▶ **TASK INSTRUCTIONS**
Return each line of the data below verbatim; pictures are to be left out.

▶ **DATA BELOW**
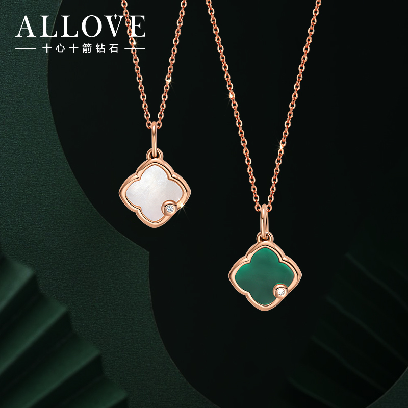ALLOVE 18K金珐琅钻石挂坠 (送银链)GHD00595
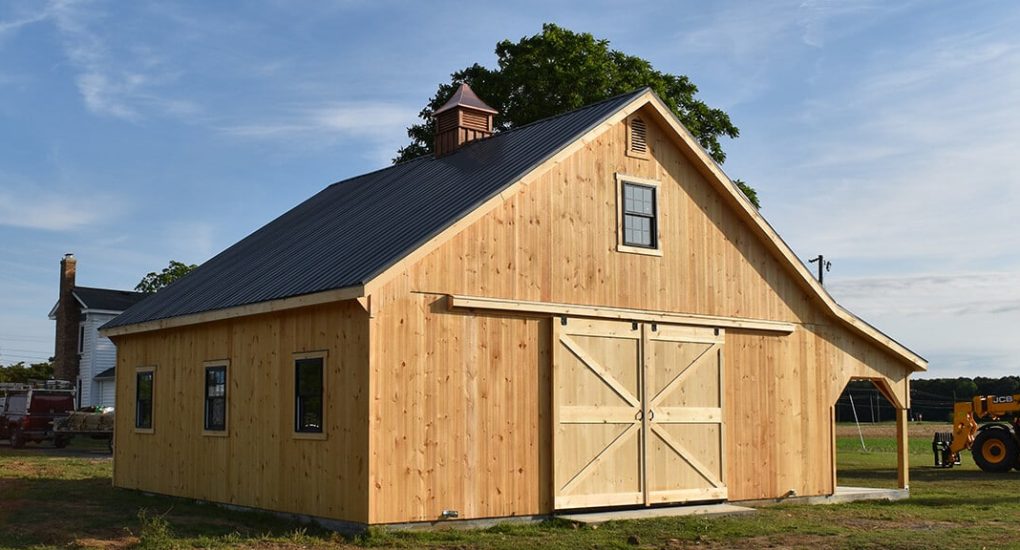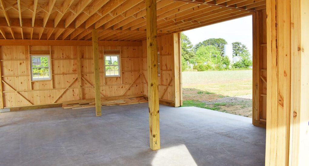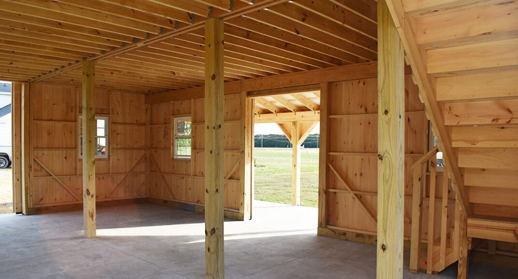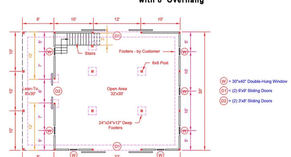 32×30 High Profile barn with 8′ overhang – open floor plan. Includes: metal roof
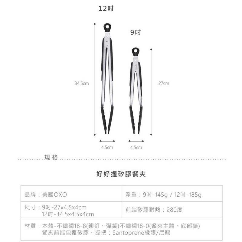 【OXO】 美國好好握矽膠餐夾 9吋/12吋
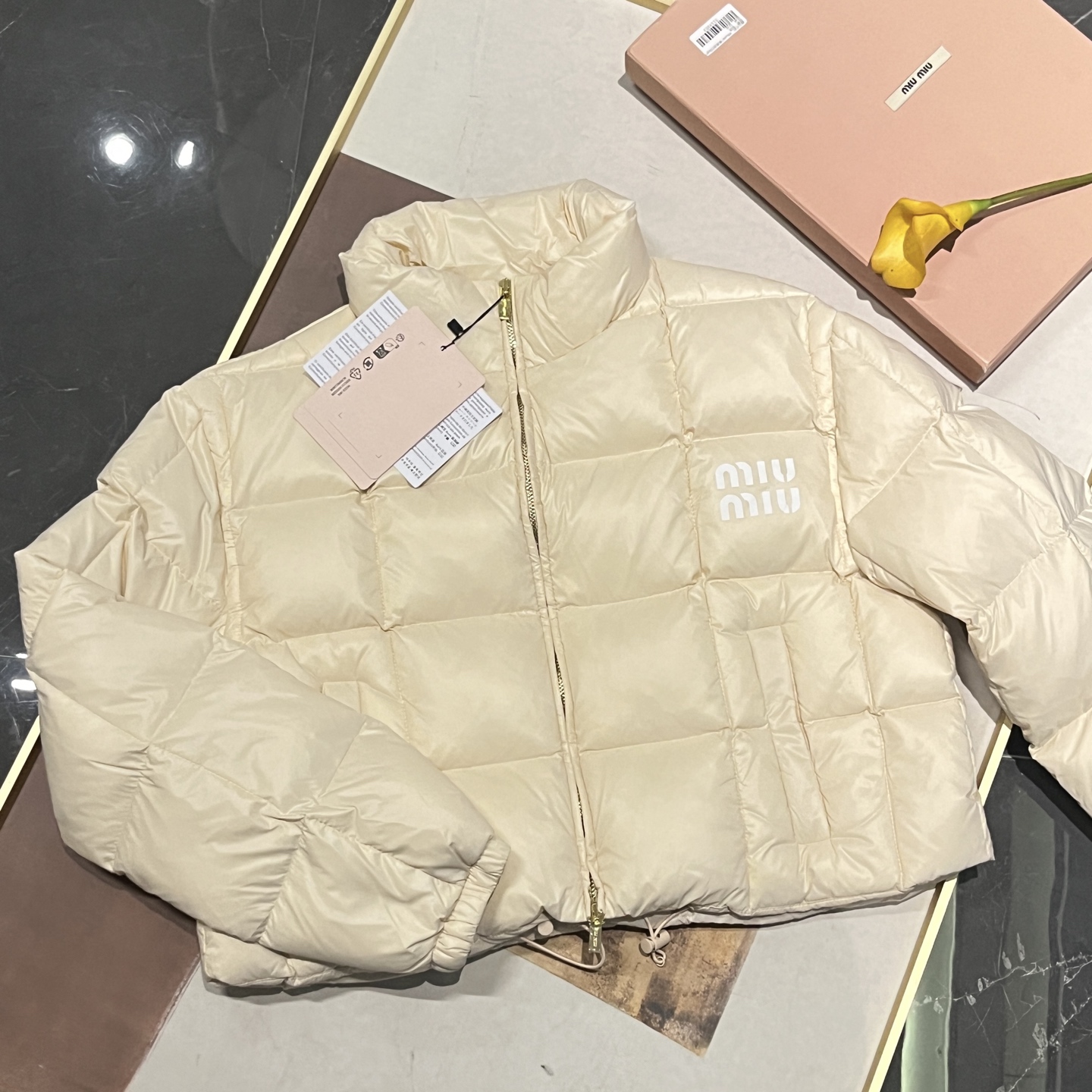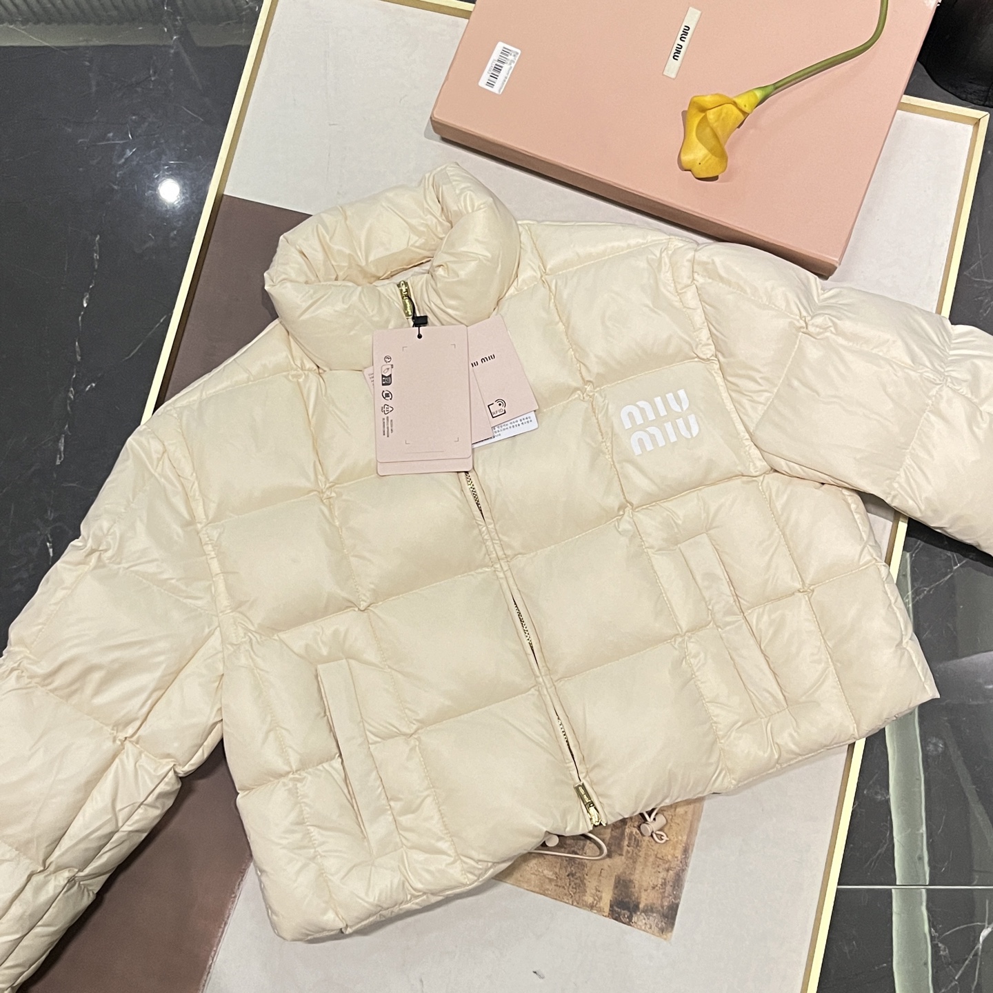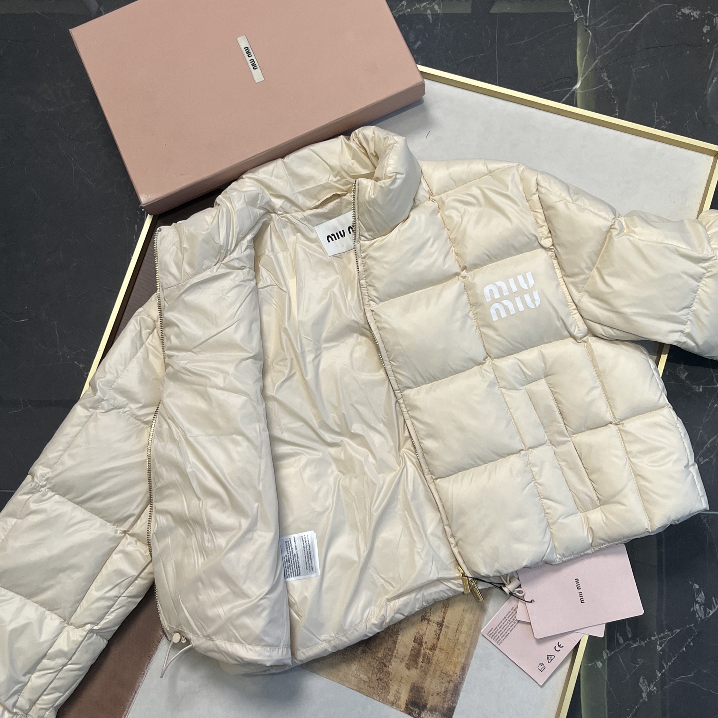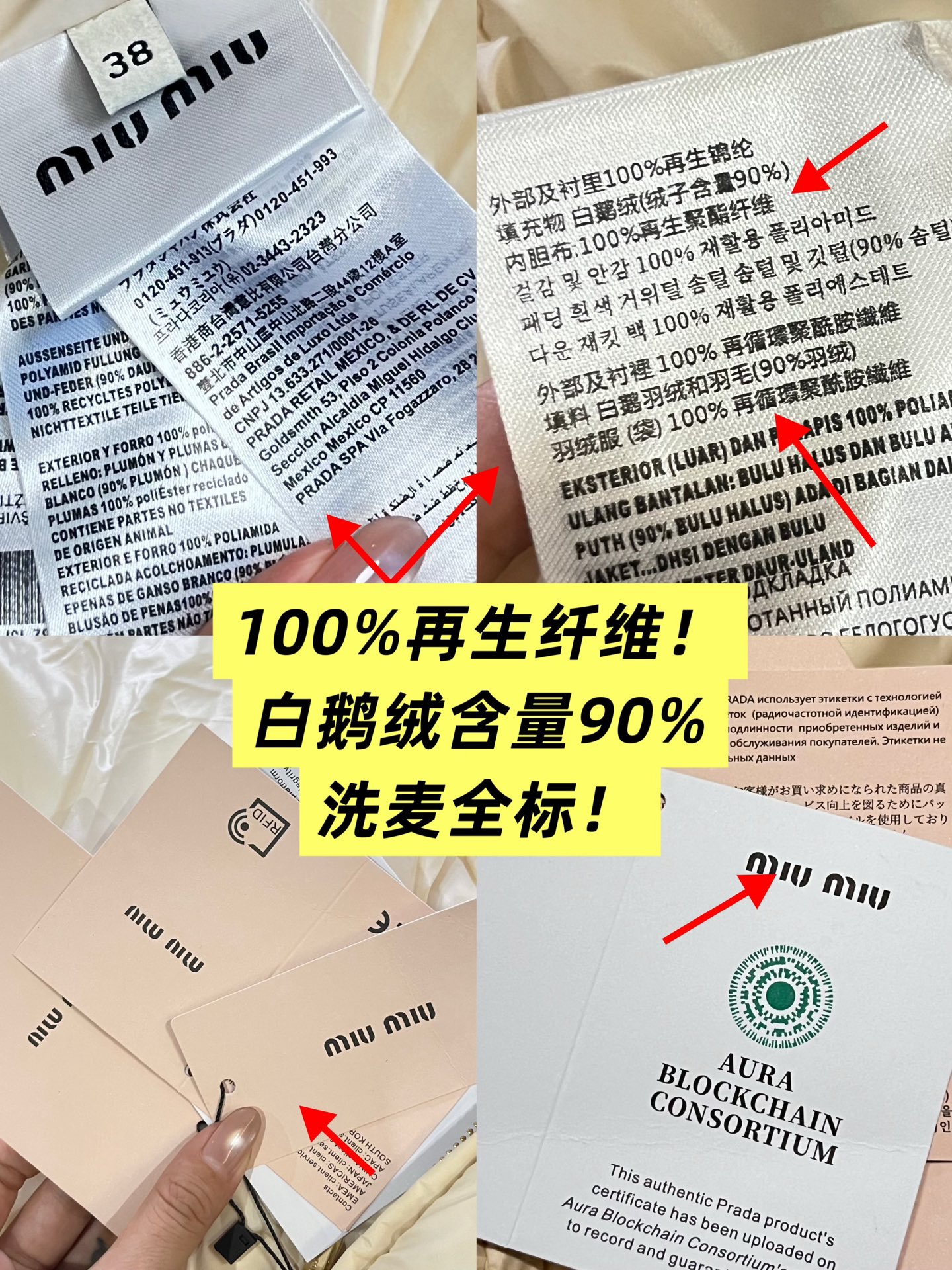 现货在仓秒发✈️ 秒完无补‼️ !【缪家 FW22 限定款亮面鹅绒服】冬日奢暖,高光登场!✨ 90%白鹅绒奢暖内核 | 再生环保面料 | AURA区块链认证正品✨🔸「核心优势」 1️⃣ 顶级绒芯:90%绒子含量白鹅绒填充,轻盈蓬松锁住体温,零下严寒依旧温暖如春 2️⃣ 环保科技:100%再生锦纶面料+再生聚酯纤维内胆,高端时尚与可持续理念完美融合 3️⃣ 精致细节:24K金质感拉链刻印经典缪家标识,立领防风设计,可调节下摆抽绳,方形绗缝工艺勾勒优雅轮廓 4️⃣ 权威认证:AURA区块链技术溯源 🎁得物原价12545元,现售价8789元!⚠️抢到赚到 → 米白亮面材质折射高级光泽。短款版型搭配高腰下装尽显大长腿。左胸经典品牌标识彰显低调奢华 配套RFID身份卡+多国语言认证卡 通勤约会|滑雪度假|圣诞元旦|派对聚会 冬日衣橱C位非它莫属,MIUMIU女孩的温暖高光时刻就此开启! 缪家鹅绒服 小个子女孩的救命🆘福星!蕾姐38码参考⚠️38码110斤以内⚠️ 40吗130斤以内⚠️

▶ **PROBLEM SOLUTION**
ALLOVE 18K金珐琅钻石挂坠 (送银链)GHD00595
 32×30 High Profile barn with 8′ overhang – open floor plan. Includes: metal roof
 【OXO】 美國好好握矽膠餐夾 9吋/12吋
 现货在仓秒发✈️ 秒完无补‼️ !【缪家 FW22 限定款亮面鹅绒服】冬日奢暖,高光登场!✨ 90%白鹅绒奢暖内核 | 再生环保面料 | AURA区块链认证正品✨🔸「核心优势」 1️⃣ 顶级绒芯:90%绒子含量白鹅绒填充,轻盈蓬松锁住体温,零下严寒依旧温暖如春 2️⃣ 环保科技:100%再生锦纶面料+再生聚酯纤维内胆,高端时尚与可持续理念完美融合 3️⃣ 精致细节:24K金质感拉链刻印经典缪家标识,立领防风设计,可调节下摆抽绳,方形绗缝工艺勾勒优雅轮廓 4️⃣ 权威认证:AURA区块链技术溯源 🎁得物原价12545元,现售价8789元!⚠️抢到赚到 → 米白亮面材质折射高级光泽。短款版型搭配高腰下装尽显大长腿。左胸经典品牌标识彰显低调奢华 配套RFID身份卡+多国语言认证卡 通勤约会|滑雪度假|圣诞元旦|派对聚会 冬日衣橱C位非它莫属,MIUMIU女孩的温暖高光时刻就此开启! 缪家鹅绒服 小个子女孩的救命🆘福星!蕾姐38码参考⚠️38码110斤以内⚠️ 40吗130斤以内⚠️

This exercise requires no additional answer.